You can keep heat in the exhaust, or you can shield the cab floor and trans tunnel. There are various products for this, both for applying under the cab and for applying inside the cab. The nice thing about shielding the cab (instead of just wrapping the exhaust) is that you will also keep out radiated heat from the road, and heat from the engine bay.

And yes, exhaust wrap does help, it just probably isn't the right solution in this case. Racers have used if for many decades to keep engine bay temperatures down.

I've never used the Lizard Skin stuff, but I'm not convinced it will work nearly as well as something like DEI Floor & Tunnel Shield.

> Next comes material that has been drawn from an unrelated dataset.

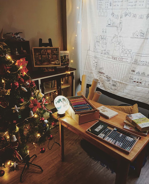 我希望我能給客人的家是這樣的地方,就如同我的小天地"我的畫室",它很小、有點亂,沒有正常的桌子,這桌子我忘了是從哪裡撿來的,上面還有桌號9號,應該是某一年某個案子業主不要而我覺得可惜就搬回家的。我常常坐在地上,用這桌子畫圖,地上放滿我的畫具,我媽媽都覺得我房間超亂,但這樣我才能順手拿到適合的畫具來畫畫啊!它就是只適合我的空間,別人來用就像穿了不合腳的鞋一樣,但它充滿著我的個性。

The DEI shield has a aluminum radiant and a glass fiber conductive barrier (3/16" total), and the Lizard Skin is only a spray on conductive barrier.

Research the DEI stuff, and start looking around at the other floor and trans tunnel heat shield products out there too..
 
I wouldn't wrap it, unless you have a full stainless exhaust. The wrap can hold water and rot the exhaust if it's not stainless, but that probably won't be an issue if you're wrapping the header/manifold and not the rest of the exhaust under the cab.

You can keep heat in the exhaust, or you can shield the cab floor and trans tunnel. There are various products for this, both for applying under the cab and for applying inside the cab. The nice thing about shielding the cab (instead of just wrapping the exhaust) is that you will also keep out radiated heat from the road, and heat from the engine bay.

And yes, exhaust wrap does help, it just probably isn't the right solution in this case. Racers have used if for many decades to keep engine bay temperatures down.

I've never used the Lizard Skin stuff, but I'm not convinced it will work nearly as well as something like DEI Floor & Tunnel Shield. The DEI shield has a aluminum radiant and a glass fiber conductive barrier (3/16" total), and the Lizard Skin is only a spray on conductive barrier.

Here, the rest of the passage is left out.